Skip the pictures and write out, word for word, the lines below from the one with "제18회 곡성 심청축제" through the one with "Vestido Infantil Tiara", inclusive.

== Segment start ==

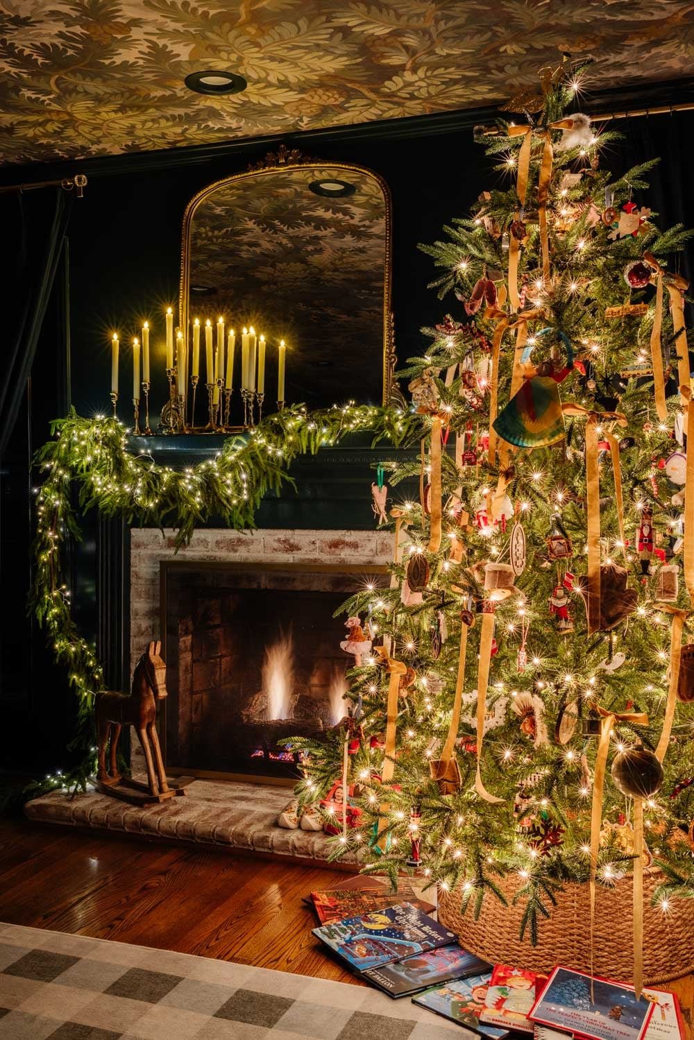 And under the tree, you’ll usually find Christmas storybooks strewn about, ready for cozy evenings reading together with our girls. This room is all about tradition, memory and making room for moments that feel slow and meaningful.
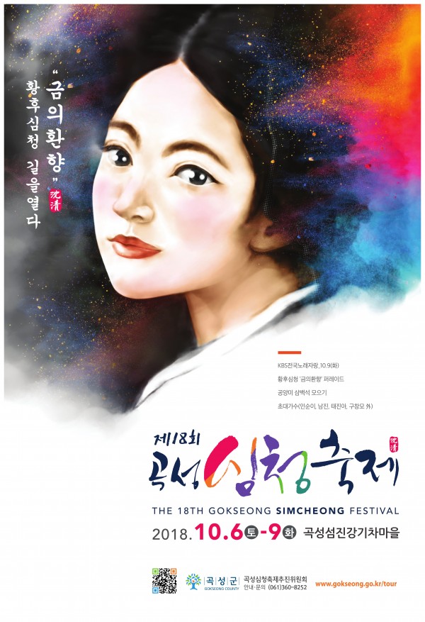 제18회 곡성 심청축제 임보환 편집인 multiis… 0 294 2018.09.06 12:07 제18회 곡성 심청 축제가 곡성군 기차 마을 장미 공원에서 열립니다재향 향우회 여러분과 곡성을 찾으시는 관광객 여러분 들께 진심으로 환영합니다 곡성의 섬진강가 가 보이는 곳에서 의 1박2일 관광 즐기세요페러글라이딩 과 곡성 명품관 에서 의 불고기 식사도 괜찮습니다재래시장의 인심 좋은 농산물 많이 많이 사 가세요<< 축제기간 2018.10.6.-9일 까지 >
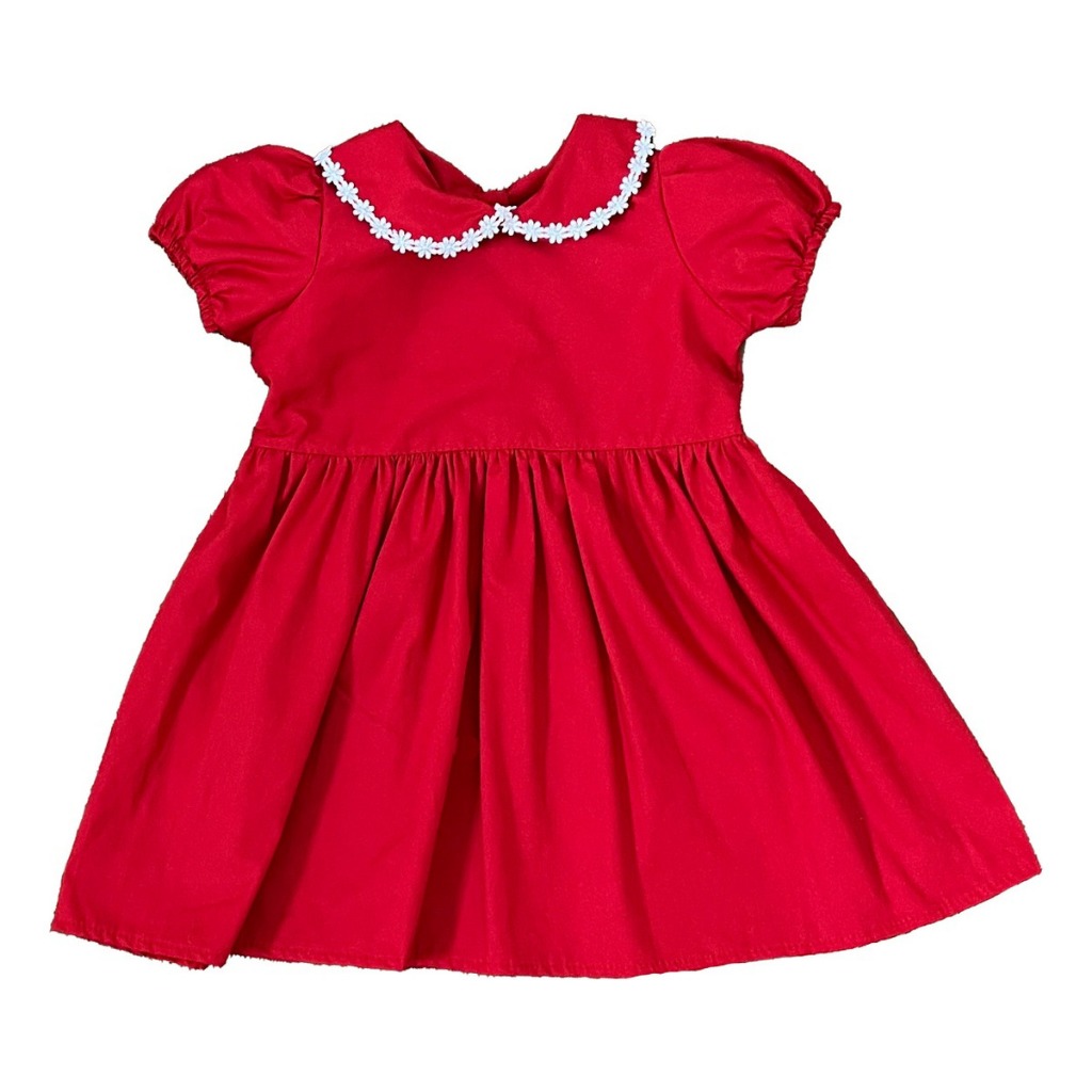 Vestido Infantil Tiara Bebê Menina Vermelho Natal 100% Algodão Brenda - Tam P ao 3 anos
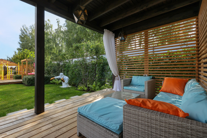 “Участок получился ярким и весёлым, как того хотела хозяйка. Она назвала его «бич-клаб» — в стиле европейских курортов, где можно весело проводить время с друзьями”, - подчёркивает Иван.
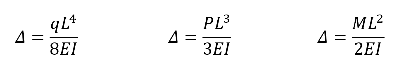 Düzgün yayılı yükleme altında konsol elemanın uç yerdeğiştirmesi, tekil yükleme altında konsol elemanının uç yerdeğiştirmesi ve tekil moment etkisi altında konsol elemanının uç yerdeğiştirme denklemleri sırasıyla aşağıda verilmiştir.
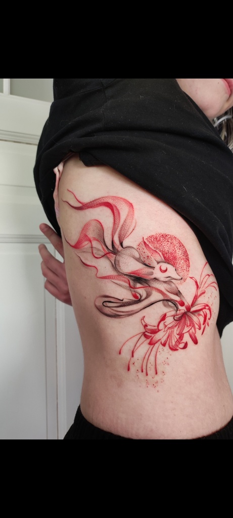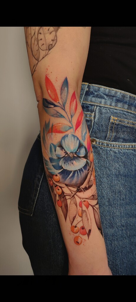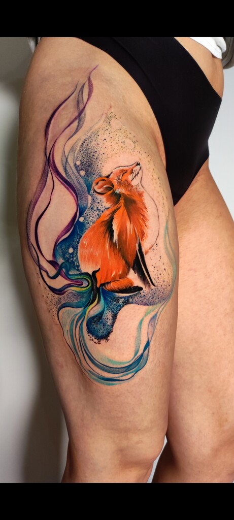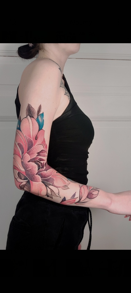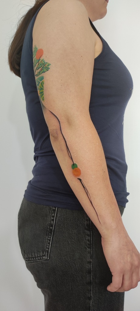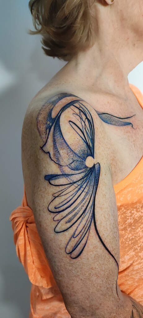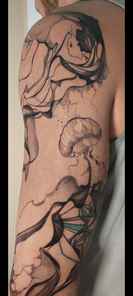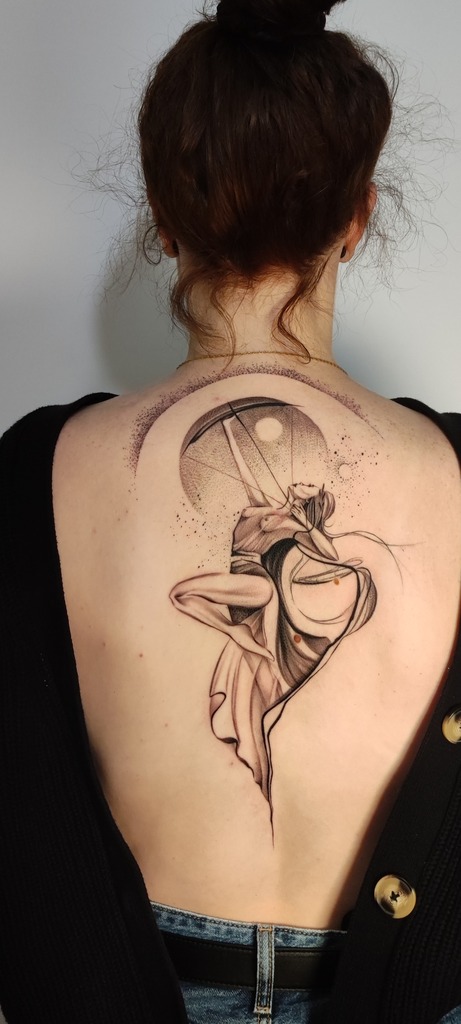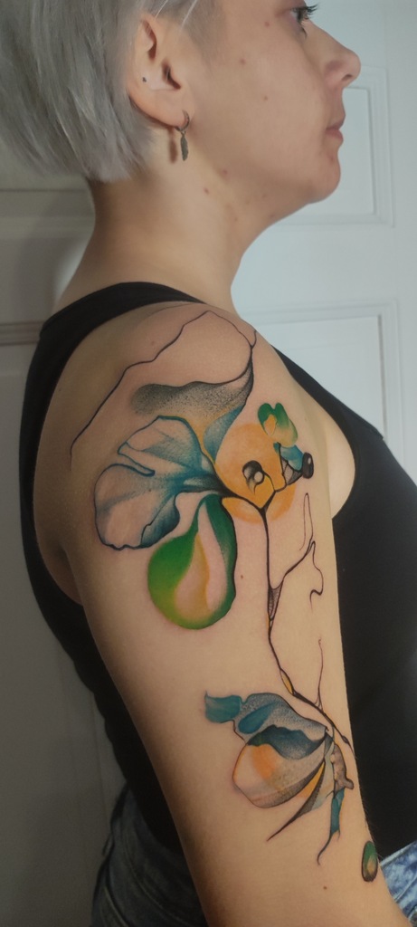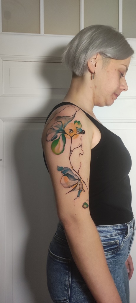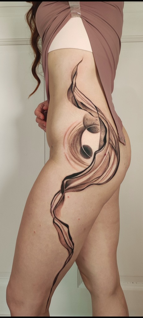 W moich tatuażach widać zamiłowanie do eklektyzmu i form nieoczywistych. Kocham abstrakcję właśnie za jej enigmatyczność i swobodę. Tak naprawdę tatuaż powstaje w trakcie — już na skórze — projekt to tylko koncept. Sama jestem ciekawa końca. Najlepszy efekt jest u osób, które puszczają kontrolę i pozwalają, żeby wszystko samo płynęło.
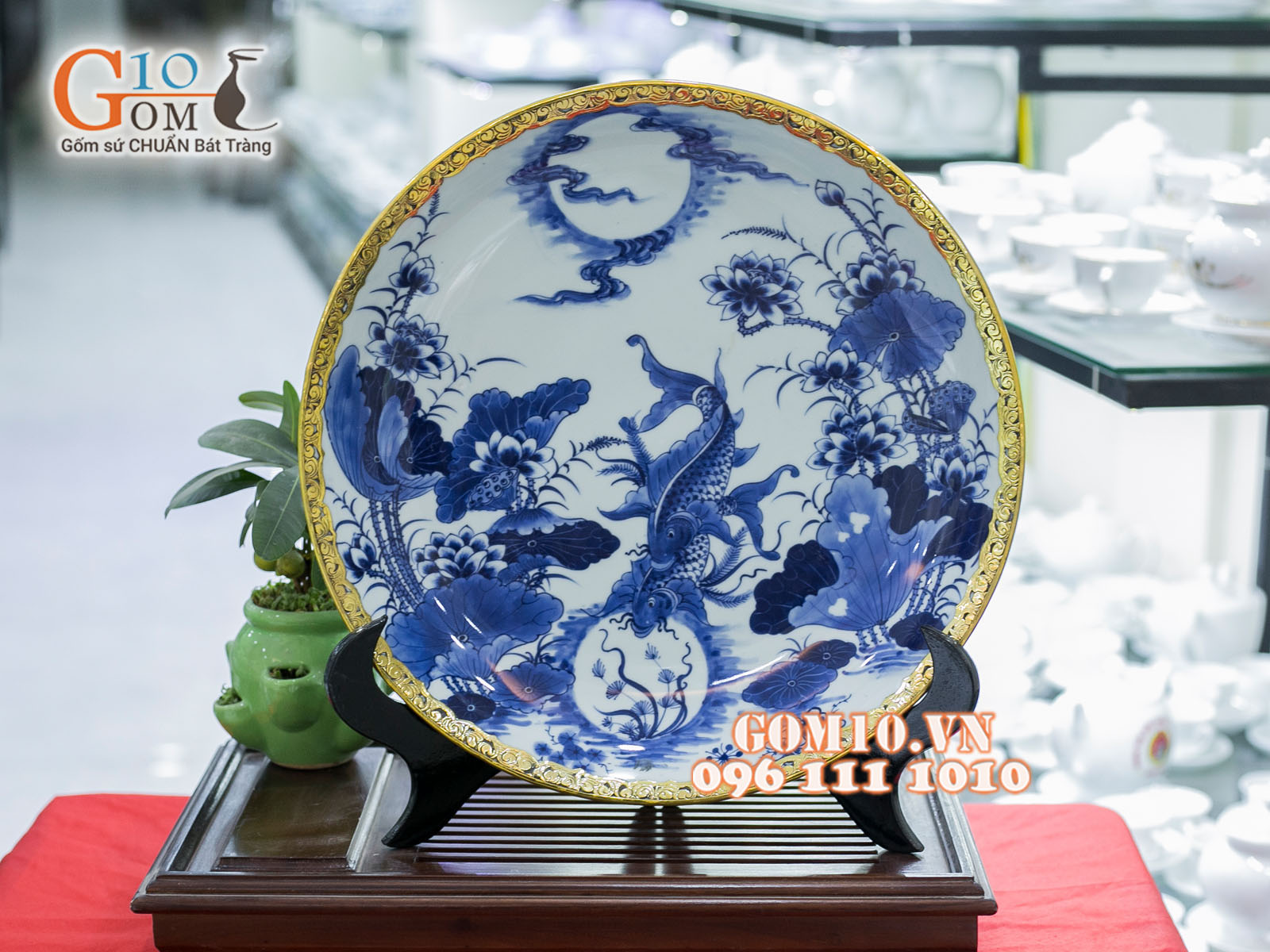 Đĩa sứ men lam vẽ cảnh Lý ngư vọng nguyệt vẽ vàng
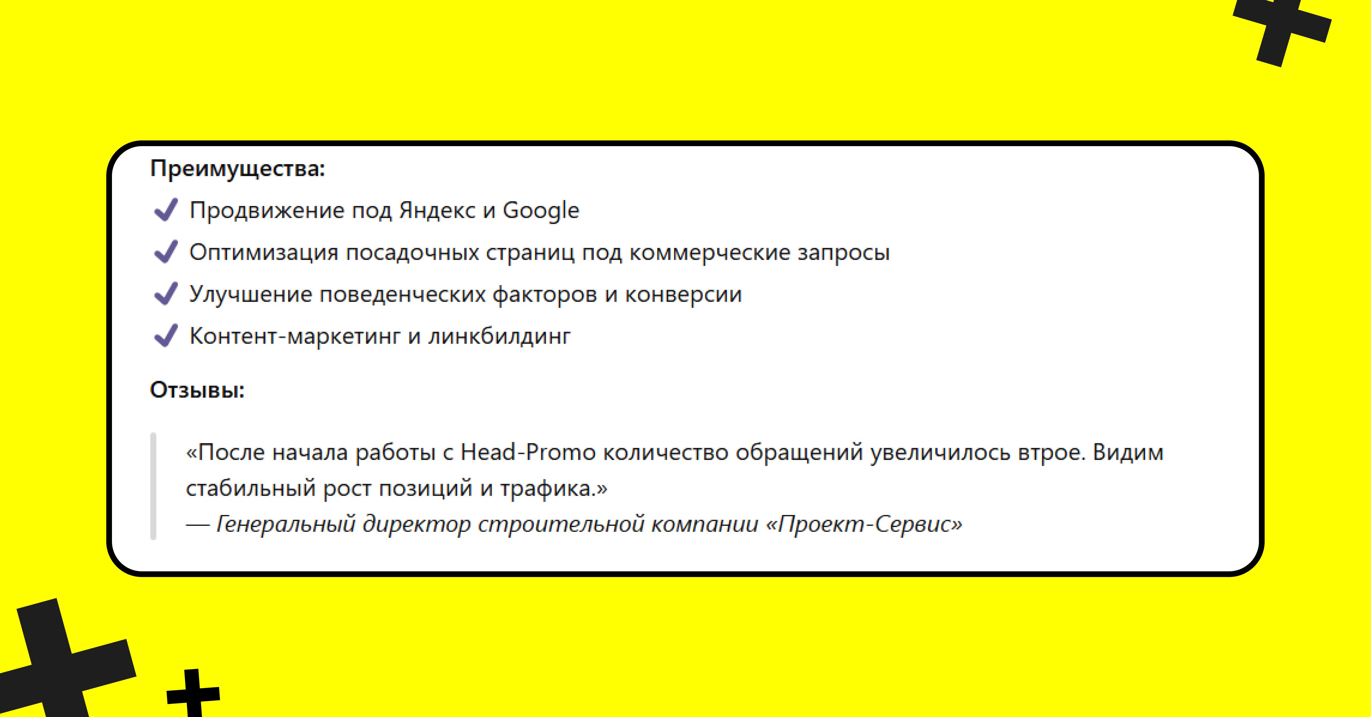 Отдельным направлением имеет смысл проработать непосредственно сайт компании на предмет размещенных и подтвержденных отзывов, это тоже важно. И не упустите возможности указать несколько отзывов прямо в вашем контенте, мы к этому пришли не сразу, но это одна из гипотез которая сработала.
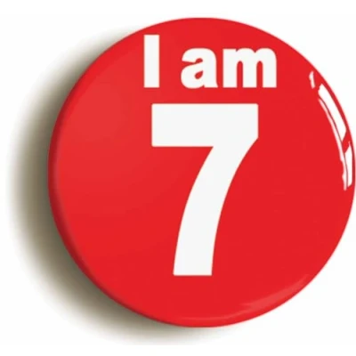 Ozorath I Am 7 Seven Seventh 7th Birthday Retro Button Badge (Size is 2inch / 50mm diameter)
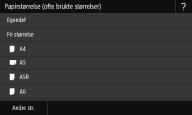 Hvis skjermbildet vist over ikke vises når papir er lagt innHvis du alltid legger i samme papir i flerfunksjonsskuffen, kan du hoppe over innstilling av papir ved å registrere papirformatet og -typen som standardinnstillingen. Når standardinnstillingen er registrert, vises derimot ikke skjermbildet vist over. For å vise skjermbildet, velger du <Angi når papir lastes> (Registrere standard papirinnstillinger for flerfunksjonsskuffen). |

== Segment end ==

#### Output of the task:
 제18회 곡성 심청축제 임보환 편집인 multiis… 0 294 2018.09.06 12:07 제18회 곡성 심청 축제가 곡성군 기차 마을 장미 공원에서 열립니다재향 향우회 여러분과 곡성을 찾으시는 관광객 여러분 들께 진심으로 환영합니다 곡성의 섬진강가 가 보이는 곳에서 의 1박2일 관광 즐기세요페러글라이딩 과 곡성 명품관 에서 의 불고기 식사도 괜찮습니다재래시장의 인심 좋은 농산물 많이 많이 사 가세요<< 축제기간 2018.10.6.-9일 까지 >
 Vestido Infantil Tiara Bebê Menina Vermelho Natal 100% Algodão Brenda - Tam P ao 3 anos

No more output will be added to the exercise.